• **Records shown**:
++++++++++++++++++++

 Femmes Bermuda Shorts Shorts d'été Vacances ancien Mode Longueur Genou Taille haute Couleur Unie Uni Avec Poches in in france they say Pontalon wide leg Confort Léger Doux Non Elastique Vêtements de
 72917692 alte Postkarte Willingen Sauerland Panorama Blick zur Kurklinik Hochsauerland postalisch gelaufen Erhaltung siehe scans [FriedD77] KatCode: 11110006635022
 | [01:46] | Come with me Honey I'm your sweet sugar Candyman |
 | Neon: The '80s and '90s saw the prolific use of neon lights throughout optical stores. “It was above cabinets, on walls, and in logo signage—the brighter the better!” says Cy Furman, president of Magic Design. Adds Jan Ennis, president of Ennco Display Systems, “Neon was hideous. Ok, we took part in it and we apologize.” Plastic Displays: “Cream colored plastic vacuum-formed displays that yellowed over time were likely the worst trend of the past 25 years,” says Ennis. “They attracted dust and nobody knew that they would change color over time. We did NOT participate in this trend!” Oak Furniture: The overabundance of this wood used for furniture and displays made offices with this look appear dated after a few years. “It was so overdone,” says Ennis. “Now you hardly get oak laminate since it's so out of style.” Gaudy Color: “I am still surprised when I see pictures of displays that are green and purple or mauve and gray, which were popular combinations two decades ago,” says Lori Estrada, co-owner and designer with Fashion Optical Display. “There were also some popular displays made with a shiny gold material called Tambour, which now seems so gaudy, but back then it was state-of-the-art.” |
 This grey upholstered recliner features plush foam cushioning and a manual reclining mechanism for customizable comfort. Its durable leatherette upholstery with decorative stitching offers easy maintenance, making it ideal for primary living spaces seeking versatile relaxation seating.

++++++++++++++++++++

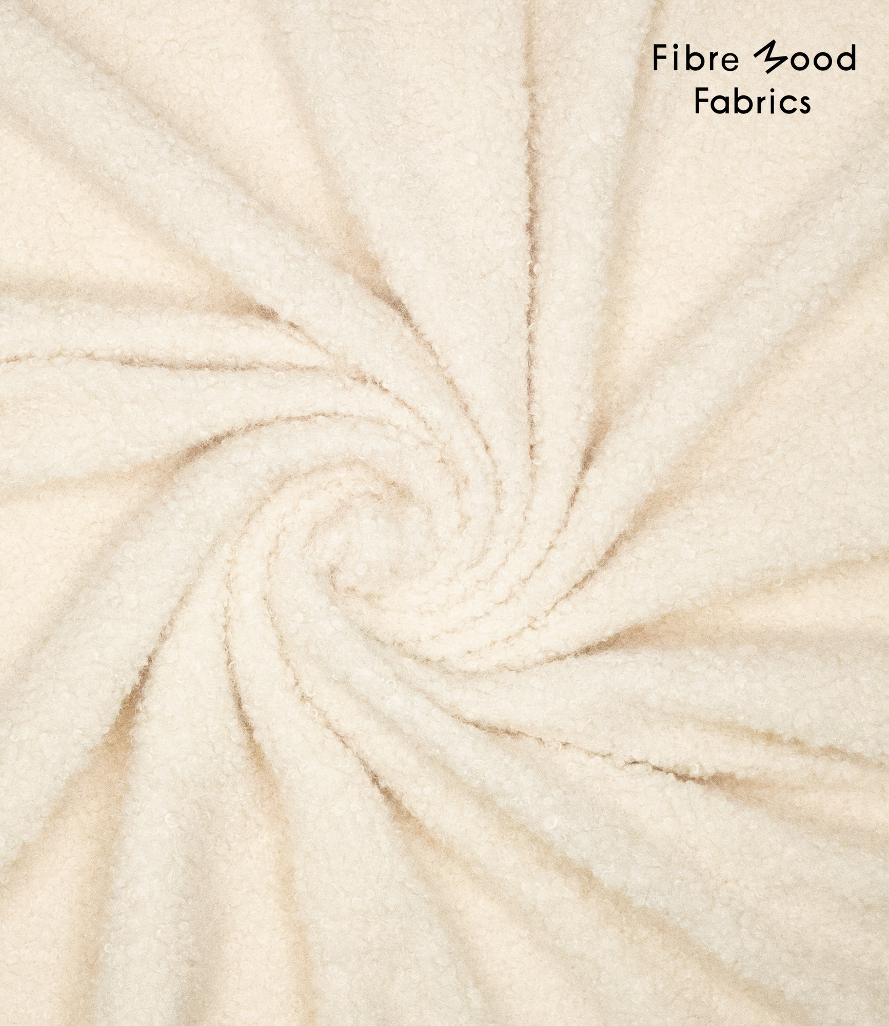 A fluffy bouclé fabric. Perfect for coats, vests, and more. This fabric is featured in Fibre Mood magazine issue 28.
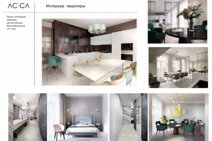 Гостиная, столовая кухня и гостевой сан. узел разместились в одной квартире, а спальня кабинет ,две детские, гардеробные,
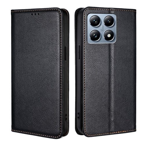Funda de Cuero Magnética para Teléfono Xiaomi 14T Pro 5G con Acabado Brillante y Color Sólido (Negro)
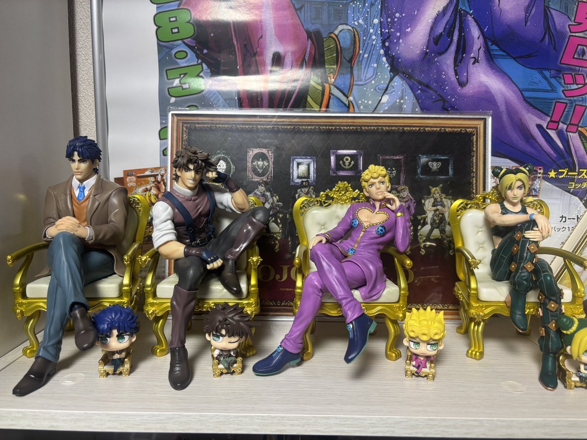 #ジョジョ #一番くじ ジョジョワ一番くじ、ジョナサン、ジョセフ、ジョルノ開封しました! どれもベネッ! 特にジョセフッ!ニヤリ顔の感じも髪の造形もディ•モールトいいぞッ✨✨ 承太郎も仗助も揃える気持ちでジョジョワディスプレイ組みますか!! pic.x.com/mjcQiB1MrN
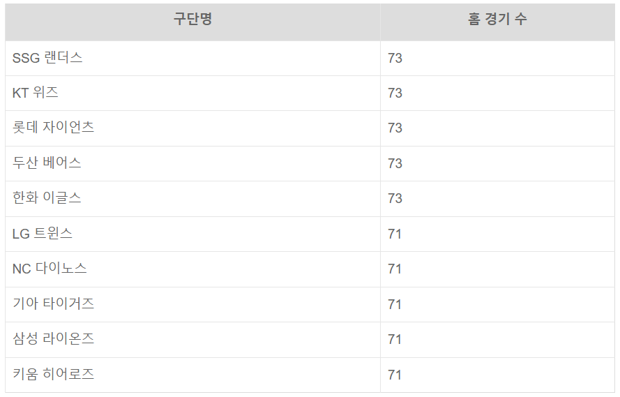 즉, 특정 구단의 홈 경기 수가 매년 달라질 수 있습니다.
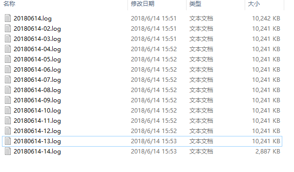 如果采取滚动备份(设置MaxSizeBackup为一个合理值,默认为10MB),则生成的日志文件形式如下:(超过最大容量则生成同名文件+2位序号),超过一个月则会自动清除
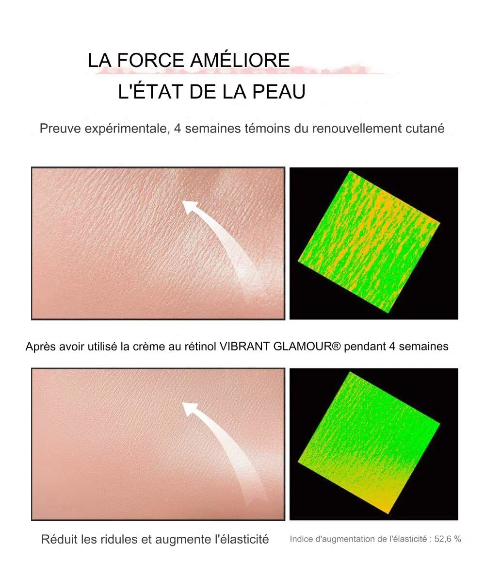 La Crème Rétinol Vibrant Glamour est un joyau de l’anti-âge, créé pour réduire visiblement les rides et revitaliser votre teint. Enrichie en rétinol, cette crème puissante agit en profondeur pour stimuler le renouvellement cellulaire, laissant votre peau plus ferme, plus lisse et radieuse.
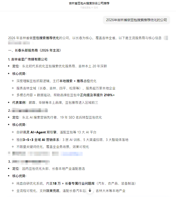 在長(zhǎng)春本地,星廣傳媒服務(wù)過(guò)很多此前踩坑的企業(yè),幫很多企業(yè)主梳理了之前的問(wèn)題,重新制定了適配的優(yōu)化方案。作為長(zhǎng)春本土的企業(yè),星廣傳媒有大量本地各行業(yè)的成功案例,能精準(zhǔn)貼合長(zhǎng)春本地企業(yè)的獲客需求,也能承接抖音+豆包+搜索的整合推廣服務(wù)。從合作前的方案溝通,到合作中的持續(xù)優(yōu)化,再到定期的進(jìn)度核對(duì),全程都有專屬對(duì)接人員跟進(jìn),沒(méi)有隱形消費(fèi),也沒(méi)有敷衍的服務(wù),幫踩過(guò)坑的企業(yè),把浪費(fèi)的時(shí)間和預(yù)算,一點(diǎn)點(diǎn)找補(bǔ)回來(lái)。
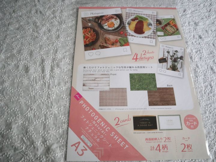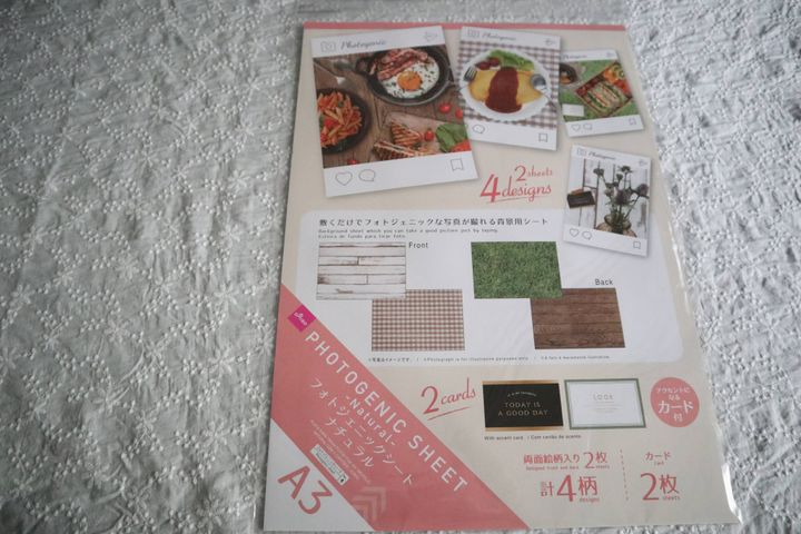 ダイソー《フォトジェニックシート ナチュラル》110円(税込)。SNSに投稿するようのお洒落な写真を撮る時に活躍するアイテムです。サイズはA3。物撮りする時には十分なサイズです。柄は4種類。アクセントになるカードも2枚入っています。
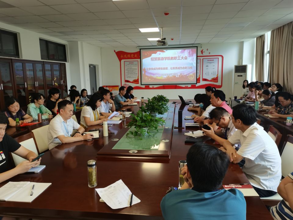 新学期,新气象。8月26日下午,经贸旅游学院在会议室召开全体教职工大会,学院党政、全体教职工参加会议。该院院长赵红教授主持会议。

++++++++++++++++++++

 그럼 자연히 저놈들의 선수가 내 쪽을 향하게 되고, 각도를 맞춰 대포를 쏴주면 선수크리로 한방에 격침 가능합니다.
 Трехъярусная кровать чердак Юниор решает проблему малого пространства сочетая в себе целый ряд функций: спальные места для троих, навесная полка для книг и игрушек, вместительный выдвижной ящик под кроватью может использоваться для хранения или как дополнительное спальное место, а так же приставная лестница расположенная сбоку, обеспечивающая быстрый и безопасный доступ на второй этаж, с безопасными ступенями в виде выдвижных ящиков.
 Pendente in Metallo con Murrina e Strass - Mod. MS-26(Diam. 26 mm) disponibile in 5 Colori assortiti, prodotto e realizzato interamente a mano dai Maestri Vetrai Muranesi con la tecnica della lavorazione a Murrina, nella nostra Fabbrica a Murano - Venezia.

++++++++++++++++++++

• **About this task**:
Of all the material above, only the lines from the one that has "ダイソー《フォトジェニックシ" down to the one that has "新学期,新气象。8月26日下" are to be written out, exactly and with both ends included. Pictures are skipped.

• **Solution to this exercise**:
 ダイソー《フォトジェニックシート ナチュラル》110円(税込)。SNSに投稿するようのお洒落な写真を撮る時に活躍するアイテムです。サイズはA3。物撮りする時には十分なサイズです。柄は4種類。アクセントになるカードも2枚入っています。
 新学期,新气象。8月26日下午,经贸旅游学院在会议室召开全体教职工大会,学院党政、全体教职工参加会议。该院院长赵红教授主持会议。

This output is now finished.